Ron Johnson posted on Mon, 10 Oct 2011 08:00:56 -0500 as excerpted:

> On 10/10/2011 04:55 AM, Duncan wrote:
>> Ron Johnson posted on Sun, 09 Oct 2011 22:15:24 -0500 as excerpted:
>>
>>> It's a fact that 32-bit Pan runs out of *process* address space at
>>> around 2GB.  64-bit Pan doesn't technically have that problem, but
>>> effectively it does, although it does for all practical intents.
>>
>> Well, the 32-bit part isn't quite accurate, or at least it's accurate
>> for only a subset of 32-bit.
>>
> It's completely accurate for the set of people who use pre-built Debian
> and Ubuntu kernels.

You mean they don't have a 32-bit "enterprise kernel" or perhaps a 
"enterprise/database kernel" or similar, with the 4G/4G userspace/
kernelspace option enabled?  Given that database-server targets have 
been, by my reading, the primary use of such a config, I'd have expected 
they'd have at least one such kernel option available.

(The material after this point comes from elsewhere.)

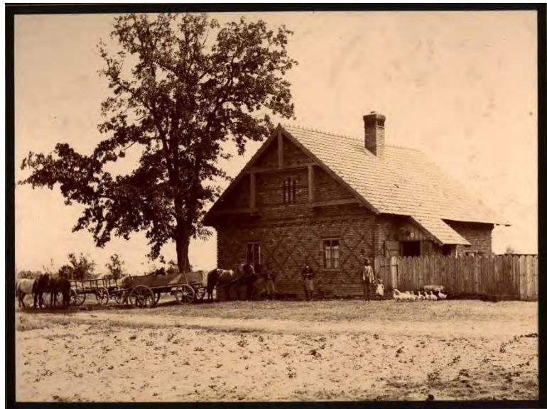
Abb. 1 Vlašic Hegerhaus beim Theim-Hof, rund um 1916

Bis zum Abriss in den frühen 50er Jahren blieb das Haus unbewohnt. Man findet das Objekt auch als dunklen Gebäudebestand auf einer Luftaufnahme aus dem Jahr 1952, zu jener Zeit also, als von unserem Staatsgebiet Luftbildaufnahmen gemacht wurden (1952-1953). Auf einer topographischen Karte, basierend auf Karten aus den Jahren 1954 bzw. 1960, ist das Bauwerk nicht mehr eingezeichnet. Auf Online-Kartenportalen des frühen 21. Jahrhunderts findet man den Ort des ehemaligen Hegerhauses bei der heute dort verlaufenden Gaspipeline [plynovod]. Nach den Worten eines Zeitzeugen existierte 1964 vom Forsthaus nur mehr das Fundament. Heute gibt es dort - bis auf Obstbäume und einen Brunnen - kaum noch Spuren von den Grundmauern.

OTOH, that's very clearly not the ordinary GUI desktop user that Ubuntu 
stereotypically targets, either, and I won't argue that expecting such a 
user to even know how to switch kernels isn't arguably expecting too 
much, but I'd have thought they'd have it available at least for Ubuntu 
Server, and thus, unless I'm mistaken, also available as a choice for 
Ubuntu desktop users.

And similarly, enough Linux servers are known to be based on Debian, and 
Debian itself is known for its broad support, that I do find it 
surprising to read that they don't have such a kernel as an option.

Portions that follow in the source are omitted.